Para ser un presidente exitoso, es necesario preparar políticas y personal calificado para resolver la realidad a la que se enfrenta el país. Como condiciones universales para el éxito, el presidente debe comprender la seguridad, la economía y la educación para el futuro, y debe tener diversidad de acuerdo con los cambios de la época. En consecuencia, se debe preparar de antemano quién será el Ministro de Asuntos Exteriores y de Comercio y quién será el Ministro de Educación, y quién será el responsable de la economía. En particular, el puesto clave que determina el éxito o el fracaso del presidente es el Jefe de Gabinete de la Casa Azul, el cerebro de la gestión de los asuntos estatales. El problema de los gobiernos anteriores fue en general que nombraron a personas de la campaña electoral sin capacidad de gestión estatal. Esto indica la importancia del nombramiento de personal calificado. Surgen problemas cuando una persona que no conoce el sistema de gestión del país se convierte en jefe de gabinete. Además, la debilidad de la democracia coreana radica en el hecho de que los partidos políticos no están arraigados y no logran el poder. Los partidos políticos se forman y desaparecen repetidamente en torno a candidatos presidenciales influyentes o gobernantes. Como resultado, a diferencia de Estados Unidos, existe la limitación de que no se puede proporcionar personal calificado que pueda desempeñar sus funciones con convicción a través de los partidos políticos. Esto sugiere que los políticos talentosos necesitan entrenamiento a través del proceso político.
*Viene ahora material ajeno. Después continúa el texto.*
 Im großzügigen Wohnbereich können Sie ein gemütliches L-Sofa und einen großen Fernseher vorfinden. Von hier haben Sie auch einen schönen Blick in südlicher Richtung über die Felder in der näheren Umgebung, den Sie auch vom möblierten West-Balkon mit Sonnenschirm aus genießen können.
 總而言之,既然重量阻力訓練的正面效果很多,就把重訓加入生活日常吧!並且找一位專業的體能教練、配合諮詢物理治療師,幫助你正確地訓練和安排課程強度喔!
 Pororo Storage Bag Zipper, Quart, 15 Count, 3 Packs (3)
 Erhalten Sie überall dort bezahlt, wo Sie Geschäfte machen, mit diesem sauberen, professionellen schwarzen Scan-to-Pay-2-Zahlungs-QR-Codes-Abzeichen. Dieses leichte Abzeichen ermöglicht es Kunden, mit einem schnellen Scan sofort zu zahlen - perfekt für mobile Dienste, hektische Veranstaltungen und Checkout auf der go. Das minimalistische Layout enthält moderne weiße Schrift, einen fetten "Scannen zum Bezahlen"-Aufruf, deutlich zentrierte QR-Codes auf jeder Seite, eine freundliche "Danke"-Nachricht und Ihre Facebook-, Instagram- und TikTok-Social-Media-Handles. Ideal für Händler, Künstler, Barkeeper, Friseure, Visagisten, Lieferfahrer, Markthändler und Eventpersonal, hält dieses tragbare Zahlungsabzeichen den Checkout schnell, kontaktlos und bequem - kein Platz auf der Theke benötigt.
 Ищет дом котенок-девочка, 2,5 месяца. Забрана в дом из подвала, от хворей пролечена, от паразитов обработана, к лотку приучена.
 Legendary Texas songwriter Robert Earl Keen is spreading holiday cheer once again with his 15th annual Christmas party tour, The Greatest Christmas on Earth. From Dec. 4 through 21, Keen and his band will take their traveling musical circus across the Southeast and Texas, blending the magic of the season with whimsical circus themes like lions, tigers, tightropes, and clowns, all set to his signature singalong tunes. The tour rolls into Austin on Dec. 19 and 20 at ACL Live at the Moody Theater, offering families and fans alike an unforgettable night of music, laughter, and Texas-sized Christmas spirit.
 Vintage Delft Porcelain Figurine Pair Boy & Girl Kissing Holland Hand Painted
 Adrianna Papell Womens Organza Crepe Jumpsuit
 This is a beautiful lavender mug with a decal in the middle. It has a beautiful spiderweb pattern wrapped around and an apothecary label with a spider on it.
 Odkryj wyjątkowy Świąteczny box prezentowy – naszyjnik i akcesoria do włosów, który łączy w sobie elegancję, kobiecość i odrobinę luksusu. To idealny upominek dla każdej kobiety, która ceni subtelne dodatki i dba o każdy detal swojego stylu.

Además, hay que tener cuidado para el desempeño exitoso de la presidencia. En primer lugar, no se debe depender excesivamente de nombramientos de personas cercanas. Para ser un presidente exitoso, se debe tener la capacidad de reconocer y buscar personal calificado. Y como demuestran los fracasos de presidentes anteriores, no debe haber codicia excesiva y el entorno debe ser limpio. En particular, debe ser una persona completamente libre de la influencia de grupos de interés o fuerzas económicas.■


El Sr. Kim Chong-in obtuvo un doctorado en economía de la Universidad de Münster, Alemania, y fue profesor de economía en la Universidad de Sogang a partir de 1973. Fue miembro de la Asamblea Nacional durante cuatro mandatos desde 1981 hasta 2004, y se desempeñó como Ministro de Salud y Bienestar en 1989 y como Secretario Jefe de Economía de la Casa Azul en 1990. Actualmente es presidente del Instituto de Investigación para el Desarrollo de Corea.

Moderador

Lee Sook-jong, Presidenta del EAI, Profesora de la Universidad Sungkyunkwan

Participantes

Kang Won-taek, Profesor de la Universidad Nacional de Seúl

Park Hyung-joon, Profesor de la Universidad Sungkyunkwan

Yoon Sung-yi, Profesor de la Universidad Kyung Hee

Lee Gon-soo, Investigador Principal del EAI

Lee Nae-young, Profesor de la Universidad de Corea

Lee Jae-youl, Profesor de la Universidad Nacional de Seúl

Jang Yong-seok, Profesor de la Universidad Yonsei

Jeong Won-chil, Investigador Senior del EAI

Jeong Han-ul, Investigador Principal del EAI

Han Kyu-seop, Profesor de la Universidad Nacional de Seúl

*Este texto es una traducción mediante IA de un original escrito en coreano. Pueden existir errores de traducción o matices imprecisos.